The SEC has been one organization that holds special significance to Barbati; he attends the council meetings with the students every Friday. 

Nick Barbati, standing with his President’s Award plaque that he received upon his undergraduate graduation from Rider in 2007.
Photo courtesy of Maddie Caccacvvale.

Senior digital marketing major Kayla Wagner serves as the current president of SEC and has worked closely with Barbati throughout her college experience. Wagner has been in the organization since her sophomore year. 

“Nick has always been a supportive person. I can go to him about anything, even if it is not related to the SEC. I can always go to him with any questions, and he is willing to do anything to help any student,” Wagner explained.

One of Wagner’s favorite memories from working with Barbati on the SEC was when she was in charge of putting together “Rock Fest” last fall. 

“Rock Fest was my first big event. It was amazing to work with him and see my ideas come to life. It was a huge success,” said Wagner.

“Rock Fest” has been a beloved campus tradition at Rider since 2015, but the backstory is not well known. There was a student who was getting into continuous trouble with the judiciary system at Rider. In this particular instance, the student had gone into the backwoods of the campus with their friends and tried having an illegal bonfire. Barbati knew them peripherally since this student had an entry level role on the SEC. 

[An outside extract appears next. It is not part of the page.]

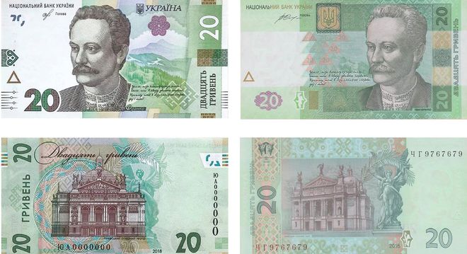 Тематика и базовые изображения на видоизмененной 20-ке меняться не буду. Как и прежде, на лицевой стороне банкноты размещен портрет писателя и ученого Ивана Франко - он практически не отличается по дизайну от 20 гривен образца 2003 года.
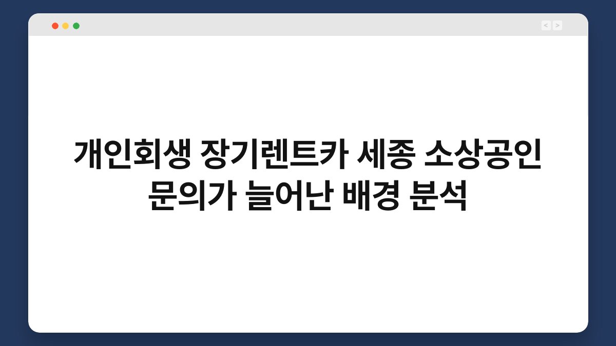 최근 많은 소상공인들이 개인회생과 장기렌트카를 통해 새로운 기회를 모색하고 있습니다. 특히 세종 지역에서 문의가 급증하는 이유는 무엇일까요? 경제적 어려움 속에서도 차량을 필요로 하는 소상공인들이 늘어나면서, 장기렌트카가 대안으로 떠오르고 있습니다. 황제오토플랜은 이러한 흐름을 반영하여 소상공인들에게 최적의 솔루션을 제공하고 있습니다. 이 글에서는 개인회생과 장기렌트카의 관계, 그리고 세종에서의 변화에 대해 자세히 살펴보겠습니다.

“I heard they were in trouble over this bonfire attempt. I called them into my office and I said, ‘What are you doing? What is happening?’” said Barbati. The student went on to tell Barbati that they wanted to create fun on campus.

 “Well, you have the means to do this on a bigger scale. Why don’t you put energy into creating a large bonfire for the campus instead of getting in trouble?” Barbati reflected. 

The student did not initially believe Barbati. “I said to them, ‘If you work with me and follow my guidance, I promise you, we will make it happen,”’ Barbati said.

That is how “Rock Fest” was born. The student still writes to Barbati every year when the campus hosts “Rock Fest,” thanking him and the students for keeping the event a tradition. 

Another popular Rider tradition that Barbati started is “R Factor.” It is a spoof of “The X Factor,” and every year student singers sign up to compete in a two-weekend-long singing competition. The first weekend is the auditions and the second weekend is the final competition where the students that were chosen go head-to-head to be crowned the R Factor Champion. 

“I love the ‘R Factor’ for reasons that people don’t see. Eric Craig was the first student who won the show. After winning, he left his own CD under the door in my office with a post-it note on it that said ‘I never thought that I would ever be able to perform my own music on a stage with a large crowd and I want you know, it changed my life,’” Barbati said. “That’s the reason why we do the ‘R Factor,’ because it’s deeper than just a talent show. It’s letting students live out their dreams.” 

Last year’s R Factor Champion was current senior elementary education and English major, Moe Mahmoud. “The R Factor” has impacted my college experience tremendously. Prior to college, I never sang on a stage in front of people. I was so scared, and Nick was the one that pushed me out of my comfort zone and told me to sing. Looking back now I realize that helped me with my confidence,” said Mahmoud. 

Barbati has impacted so many lives during his time at Rider and continues to do so everyday. “If in 10 years from now I’m still working in education, it will be at Rider,” said Barbati. “I wouldn’t want to work at another school.”